SELECT via_contact_id, other_contact_id,
       organization_id, overlap_from, overlap_to
FROM   contact_coemployment_edges
WHERE  collection_id = $1
  AND  other_contact_id IN (
         SELECT contact_id
         FROM   collection_org_current_shared_contacts
         WHERE  collection_id = $1
           AND  organization_id = $2);

Neo4j Cypher

MATCH (u:TeamUser)
      -[s:SHARED_IN {collection_id: $cid}]->
      (via:Contact)
      -[w1:WORKED_AT]->(bridge:Organization)
      <-[w2:WORKED_AT]-(target:Contact)
      -[:CURRENT_AT]->
      (targetOrg:Organization {id: $oid})
WHERE w1.date_from <= w2.date_to
  AND w2.date_from <= w1.date_to
RETURN via, target, bridge, w1, w2
ORDER BY w1.date_to DESC;

4.3 Extended intro path (3-hop and 4-hop)

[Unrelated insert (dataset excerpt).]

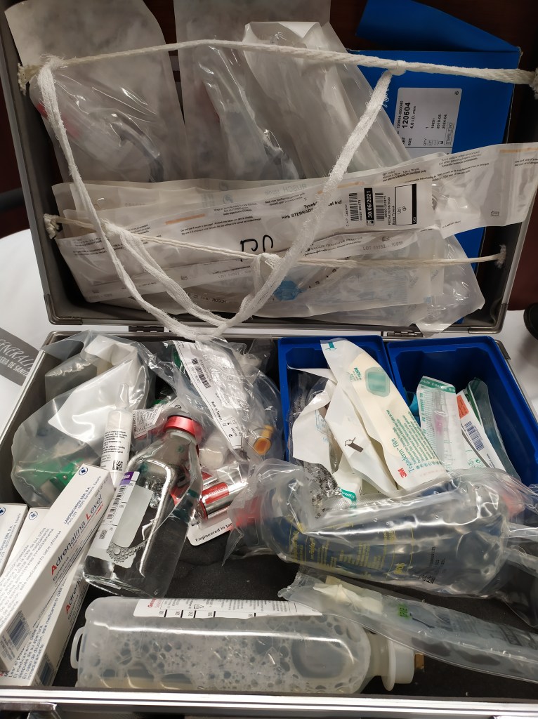 Importante disponer de lo imprescindible y saber dónde está. En ocasiones tenemos la tentación de poner todo tipo de elementos de un carro de paradas en el maletín, y olvidamos que la unidad de destino deba disponer de uno, por lo que lo realmente imprescindible es disponer de material y fármacos para el movimiento entre ambos servicios, contando que puede acaecer una PCR, ser necesario canalizar una vía de urgencia, o intubar de manera urgente.

This is where Neo4j wins decisively. Variable-length path matching with a depth bound is one Cypher line; the Postgres recursive CTE equivalent is dozens of lines and starts to fall over at depth 4.

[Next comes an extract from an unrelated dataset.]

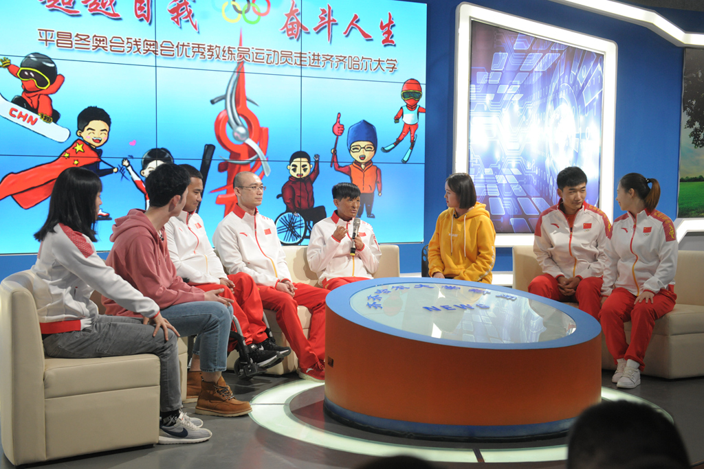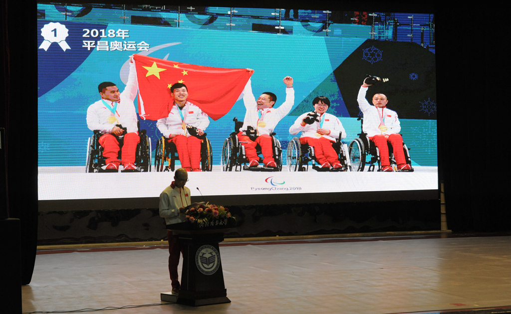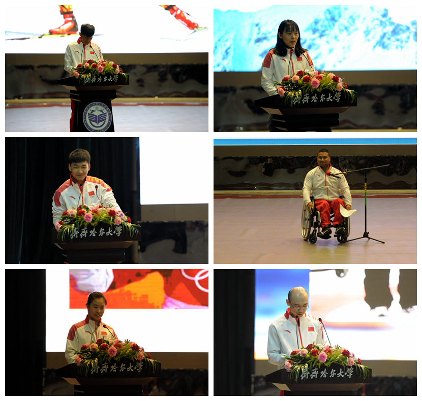 报告会上,平昌冬残奥会冬季两项男子站姿7.5公里短距离赛第八名吴君宝、单板滑雪队运动员蔡雪桐、男子500米铜牌高亭宇、轮椅冰壶冠军王海涛、自由式滑雪空中技巧队运动员孔凡钰、男子轮椅冰壶队教练员李建锐等6名优秀教练员、运动员分享了自己的成长故事、参赛感想和心路历程,讲述了他们在生活和运动生涯中的各种经历、磨难以及他们经过不屈不挠、顽强拼搏最终圆梦的感人事迹。台下师生被他们在为国争光过程中的艰辛付出和感人事迹所感动,被他们不畏艰辛、超越自我、勇攀高峰的精神深深鼓舞,会场上不时响起热烈的掌声。

// 4-hop intro path with date-overlap predicate
MATCH path = (u:TeamUser {id: $uid})
             -[:SHARED_IN {collection_id: $cid}]->
             (start:Contact)
             -[:WORKED_AT*1..4]-(:Contact)
             -[:CURRENT_AT]->
             (target:Organization {id: $oid})
WHERE all(rel IN [r IN relationships(path) WHERE type(r) = 'WORKED_AT']
          WHERE rel.date_from IS NOT NULL)
RETURN path, length(path) AS hops
ORDER BY hops ASC
LIMIT 25;

4.4 Weighted shortest-path

Native, sub-second.

// Find the cheapest intro path to anyone at TargetCo
MATCH (u:TeamUser {id: $uid}),
      (target:Organization {id: $oid})
CALL apoc.algo.dijkstra(u, target, 'WORKED_AT|SHARED_IN|CURRENT_AT', 'weight')
YIELD path, weight
RETURN path, weight
ORDER BY weight ASC
LIMIT 5;

Edge weights can be set per relationship at write time (e.g., SHARED_IN = 1, WORKED_AT overlap = 3, longer time gaps = higher weight). Adjust weights freely; queries adapt without changing structure.

4.5 Network analytics

Neo4j Graph Data Science library ships PageRank, betweenness centrality, community detection, etc. Useful for "find super-connectors in my network" or "cluster contacts by community" features. Out of scope for v1 but available as a future product capability.

5. Heuristic mapping

Every signal the system computes — every strength clause, the reachability rollup, key connection picker, and all 007 connection-path types — mapped to where it actually executes in the Neo4j variant. The point of this section: most heuristics still execute in Postgres. Neo4j earns its keep on traversal-shaped queries and unlocks graph algorithms (centrality, community detection) that no other substrate can match.

Bottom line for this section

Of 16 strength clauses + reachability + key connection + 6 connection-path types, Neo4j substantially helps with ~9 — same headline as AGE — but with native shortest-path, weighted traversal, and Graph Data Science algorithms that AGE doesn't have. The gap shows up at depth 4+ and on analytics queries; under depth 3 the difference is mostly syntactic.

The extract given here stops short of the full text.